PFA and guessing models

TL;DR

This paper investigates the consistency strength of PFA and related theories, establishing new lower bounds and showing their consistency relative to large cardinal assumptions, thus advancing understanding in set theory.

Contribution

It proves that the theory involving a variation of the Viale-Wei$ extss{ss}$ guessing hull principle is consistent relative to a supercompact cardinal, improving previous bounds.

Findings

The theory (T) is consistent relative to a supercompact cardinal.

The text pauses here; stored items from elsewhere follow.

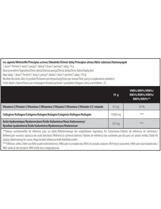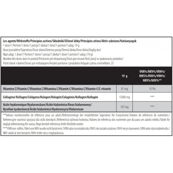 Inoltre, in questa formula, il collagene è combinato con acido ialuronico (107 mg) e vitamina C (81 mg) per una maggiore efficacia. La vitamina C favorisce la sintesi del collagene.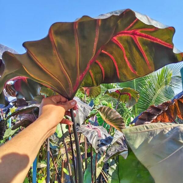 Укорененное молодое растение с закрытой корневой системой в транспортировочном горшочке 3-4 дюйма. Листовые пластины могут быть обрезаны на высоте 10-20 см для уменьшения испарения во время транспортировки. Если листовые пластины не обрезаны, за время транспортировки они могут частично либо полностью подгнить. Отсутствие листьев не является показателем гибели растения – при получении необходимо проверить состояние ризомы и корней. Т.к. колоказии пересылаются в сильно увлажненном субстрате, нижняя часть ризом также может подгнить. Это не препятствует успешной адаптации при условии наличия молодых корней выше подгнившей части ризомы.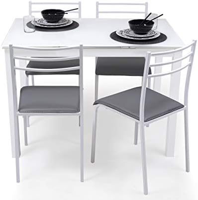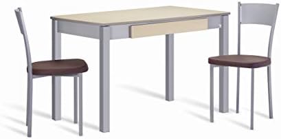 La mesa de cocina extensible Nakura es una de las opciones mas modernas en el mercado. Se trata de un sencillo juego de mesas con cuatro sillas incluidas. Cuenta con unas dimensiones aproximadas de 110×70, sin embargo, al ser extensible precisamente, se puede alargar a mas centímetros de largo (170 cm). ¡Ésta es una solución muy eficaz a esas cenas de amigos improvisadas! Sus cuatro asientos metálicos están cubiertos de polipiel blanco.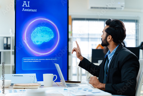 Asian Businessman use artificial intelligence AI Assistant technology for solve work problems,enhanced work efficiency data analysis,efficient tools,Unlocking work potential,AI technology in corporat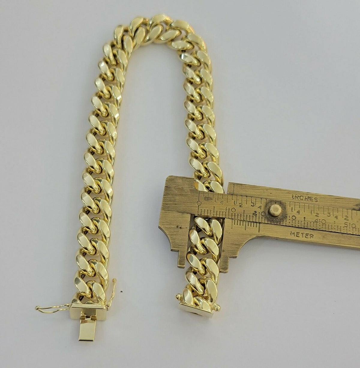 Men 10k Gold Miami Cuban Bracelet 11mm Thick 7.5" Box Lock10kt Yellow Gold REAL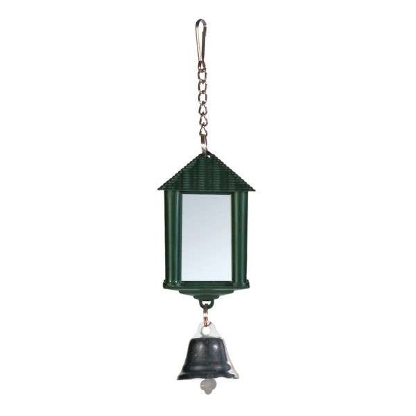 Die Spiegelampel für kleine Vögel ist mit Spiegeln und einer Glocke ausgestattet. Zur einfachen Befestigung im Käfiggitter ist oben eine Kette mit Haken vormontiert. Der Rahmen besteht aus Kunststoff.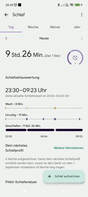 so wird seit ein paar Tagen mein schlaf aufgezeichnet. Das hat sich seit dem Wochenende auch geändert. Vorher war angezeigt oh leicht, Rem oder Tiefphase war.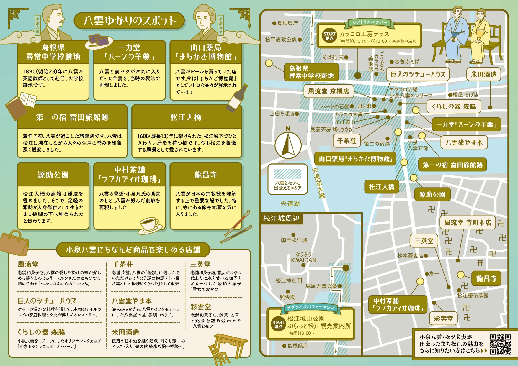 ※小泉八雲、セツがタイムトラベラーと共に、13時に出発地から松江中心部(地図上の「八雲とセツに出会えるエリア」)へと向かいます。
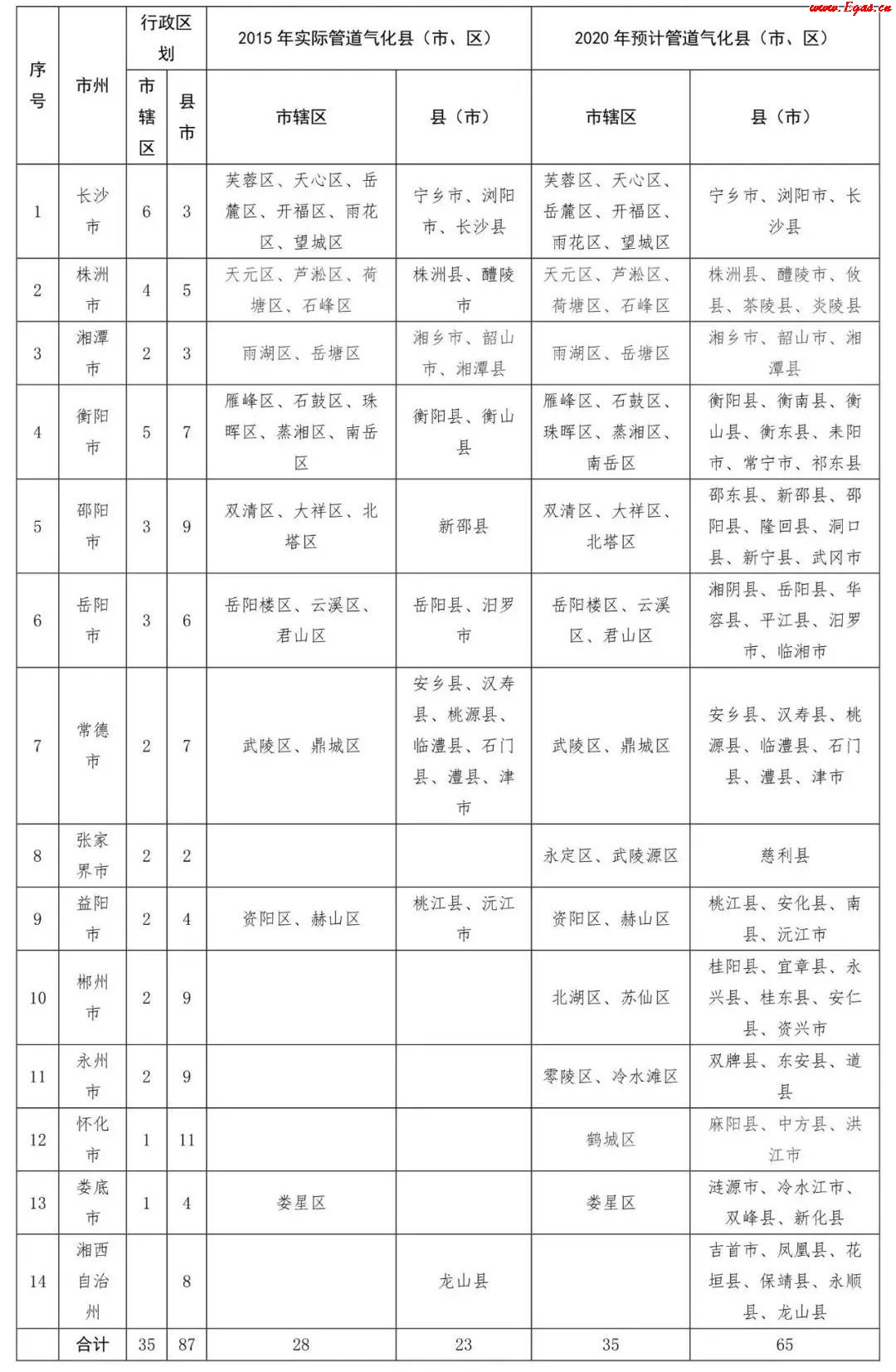 表2:全省天然氣管道氣化區(qū)域統(tǒng)計表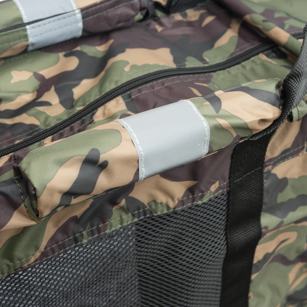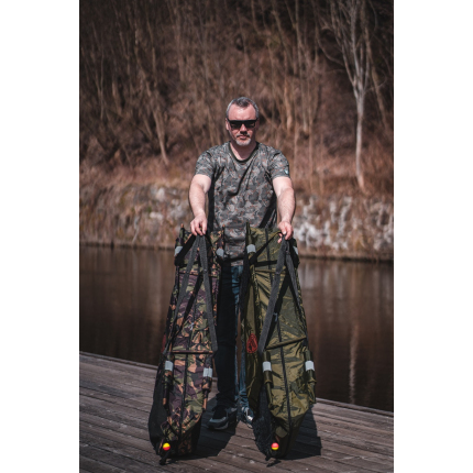Veľký a prepracovaný vážiaci sak, v ktorom môžete bezpečne tiež prechovávať svoj úlovok. Vážiaci sak má štyri plaváky, ktoré majú reflexné pásky pre ľahkú viditeľnosť v noci. Vo vrchnej centrálnej časti je dvojitý popruh, ktorý je zakončený oceľovými krúžkami a je určený na pripojenie váhy. Dvojité zipsy sú po celej dĺžke. Veľký dôraz, bol kladený na sieťové otvory, aby k úlovku prúdil dostatok prekysličenie vody. Z oboch bokov saku sú plastové „D“ krúžky, na ktoré je možné pripojiť 3m lano, ktoré je zakončené plavákom s plastovým kolíkom, ktorý je určený na zabezpečenie saku pri brehu. To všetko je ukryté v kapsičke na suchý zips. Je dodávaný vrátane nepremokavého obalu, ktorý je zvnútra pogumovaný, takže zabráni úniku vody a pachu zo saku. Rozmery: Dĺžka: 120 cm Šírka: 29 cm Výška 65 cm Hmotnosť: 1,1 kg Farba: maskáčový vzor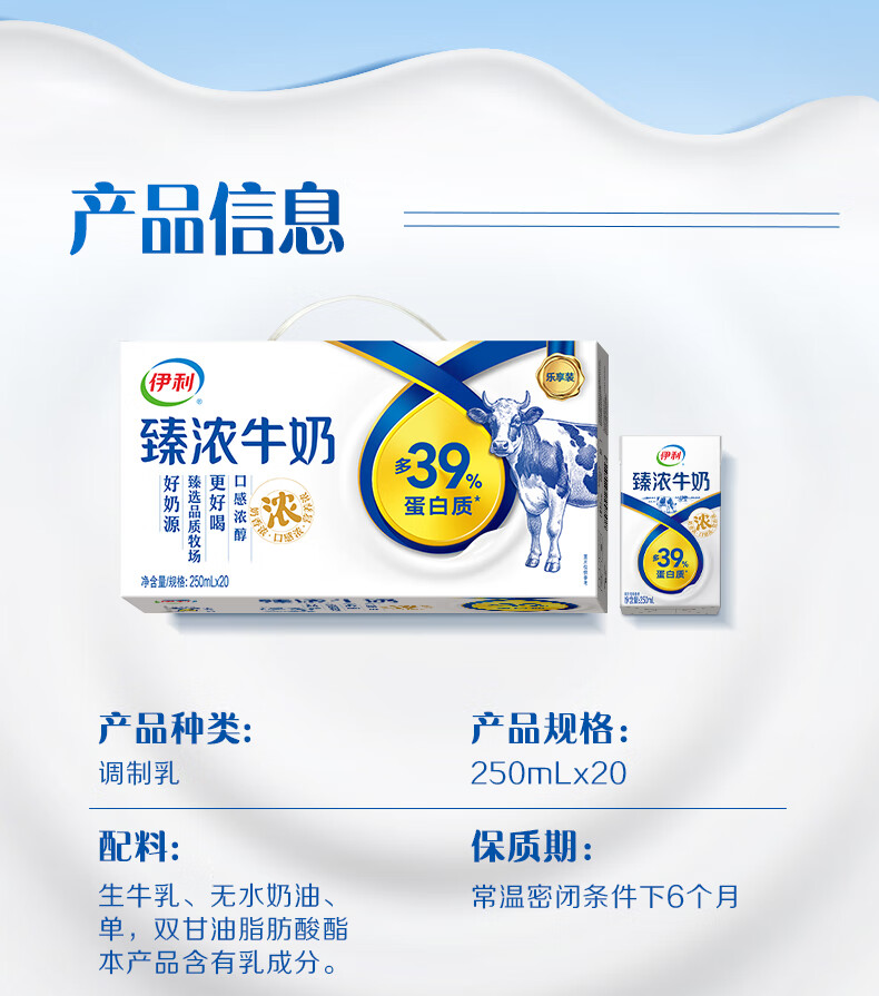 伊利臻浓砖牛奶250ml*20盒/箱 家庭囤货 浓醇更好喝 年货礼盒12月产 250ml*20盒/箱*1箱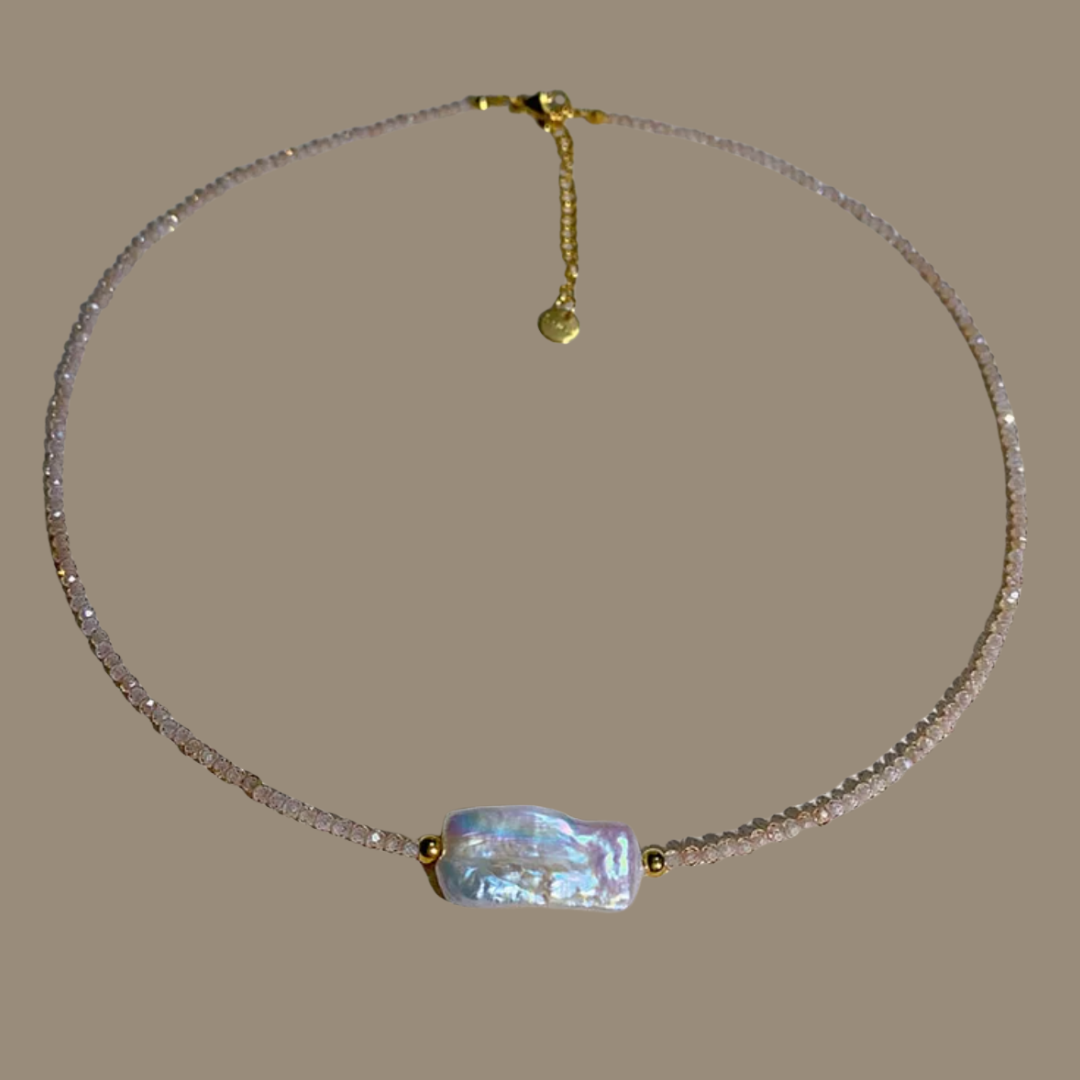 A shimmering strand of fine champagne coloured beads finished with a Freshwater Biwa Pearl centre piece—Lotti brings a little glow to sun-drenched days. Light, breezy, and easy to wear. Layer it up or let it shine solo.

The consistency of 'AD$_\mathbb{R}$ + $\Theta$ is regular' is established relative to (T) and PFA.

This work significantly raises the known lower bounds for the consistency strength of PFA and (T).

Abstract

This paper explores the consistency strength of The Proper Forcing Axiom ($\textsf{PFA}$) and the theory (T) which involves a variation of the Viale-Wei$\ss$ guessing hull principle. We show that (T) is consistent relative to a supercompact cardinal. The main result of the paper implies that the theory "$\sf{AD}$$_\mathbb{R} + \Theta$ is regular" is consistent relative to (T) and to $\textsf{PFA}$. This improves significantly the previous known best lower-bound for consistency strength for (T) and $\textsf{PFA}$, which is roughly "$\sf{AD}$$_\mathbb{R} + \textsf{DC}$".